在岭西的一处高档小区里,沙州市绢纺厂的几位高管聚在了一起。在春节期间他们各自坚守在岗位上,过了大年以后,蒋希东这才把几个人召集在一起。
蒋希东在家里摆了一桌,等到大家坐齐,道:“去年不容易,大家都挺辛苦,今天请大家喝一杯,大家鼓足干劲,争取早日实现我们的既定目标。”
每年春节,蒋希东都要特意请客,参加人为厂里的六大金刚,他们七人占据了厂里生产、销售各个部门。
碰了一杯酒以后,杨柏单独与蒋希东碰了酒,道:“我通过堂妹杨柳,摸了侯卫东的底,此人不仅是秘书派,同时也是实干家。当初他在成津县整治铅锌矿,敢于下手,不太好对付。”
蒋希东道:“既然侯卫东是能干人,那我们更不用担心,分管领导越是能干越是有思想,对我们越有利,我反而是担心他太年轻没有威信。”他举了举杯,又道:“我们订立的计划,这两年实现得都很顺利,可是现在出现一些意外情况,易中岭大家都知道此人,他这一段时间都在与我联系,想分一杯羹。”

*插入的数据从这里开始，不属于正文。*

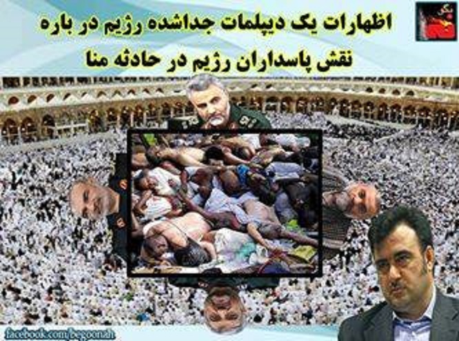 در همین راستا، امروز یکشنبه 12مهر 94 العربیه در پایگاه اینترنتی خود نوشت: در زمانی که تجاوز و تعدی رژیم ایران توسط مقامهای سیاسی و نظامی این رژیم علیه عربستان سعودی بالا گرفته و ولیفقیه این رژیم در اولین شرارتهایش مسئولیت حادثه دردناک مکه را که در آن صدها تن قربانی شدند متوجه عربستان سعودی کرد، دیپلومات جدا شده رژیم ایران فاش ساخت که شش تن از افسران سپاه پاسداران حادثه منا را ایجاد کردند. وی رژیم تهران را متهم کرد که طرح این حادثه را با هدف کشتار بیشترین تعداد حجاج و تظاهراتی بزرگ با اعمال خشونتآمیز تهیه کرده بود.
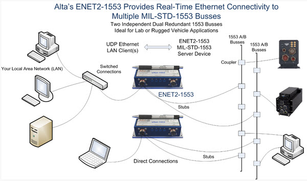 ENET2-1553™ is an innovative product that provides “remoting” of 1553 operations on 10/100/1000 Ethernet IP/UDP local area networks (LAN). eNet2-1553 is a small, low-power, rugged device that provides real-time Ethernet connectivity to for two dual-redundant 1553 (A/B) busses. Ideal for remoting 1553 connections for in-field applications or point-point lab usage.
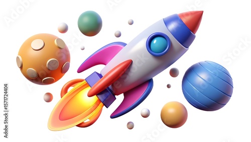 © Newaz, Naklejka premium Stylized 3d rocket ship launching through colorful planets and spheres isolated on white background

副厂长高小军不满地道:“绢纺厂是我们七兄弟的,易中岭是八竿子打不着的人,他凭什么来插手?”
蒋希东道:“易中岭和黄子堤的关系非同一般,黄子堤是他的靠山。我们的计划很完美,可是有一个致命的弱点,绢纺厂是国营厂,产权属于国家,人事权在市里,如果把我撤换掉,事情就会起很大的变数。”他叹道:“如果刘市长不出意外,对我们最为有利,可惜了,真是人算不如天算!”
杨柏情绪有些激动,道:“我在这里说一句大话,只要老大离开绢纺厂,任何人来当厂长都会面对一团乱麻,最终结果是灰溜溜地滚蛋。”
“不要小瞧了市里这帮人,掺沙子,挖墙脚,这些都是他们的拿手好戏。绢纺厂还有党委书记老项等人,他在绢纺厂工作了三十年,也和易中岭熟悉。只要让他来接我的位置,我们所有的心血都会成为一场空,我为什么要与易中岭虚与委蛇,就是要将他稳住,不至于关键一年在人事上出现变故。”
易中岭这步突如其来的乱棋,让绢纺厂众人心情都有些沉重。
蒋希东见大家都有些沉闷,道:“万里长征都已经走了百分之七十,我们只能坚决往前走,把握三个原则,一是工厂生产要正常,二是技改要继续,三是始终保持微亏状态。另外交代三个任务,一是由我去和侯卫东接触,二是由高小军负责盯住易中岭,如果拿住了他和黄子堤的把柄,我们就算彻底成功了,三是杨柏要多抽时间去打理三家销售公司。”
这三个销售公司分布于沿海,是由在场的七个人共同投资的独立的销售公司。这些公司各有业务、各有渠道,绢纺厂百分之六十的销售是由这三家公司控制。
蒋希东道:“杨柏,据你了解,侯卫东最大的弱点在什么地方,是爱钱、爱女人还是爱赌?”
“我家堂妹对他赞不绝口,他现在还没有明显的弱点,最大的问题就是他父母名下有一个煤矿,日进斗金,凭他父母的工资以及侯卫东的工资,不可能拥有一个煤矿,我觉得这就是最大的问题。”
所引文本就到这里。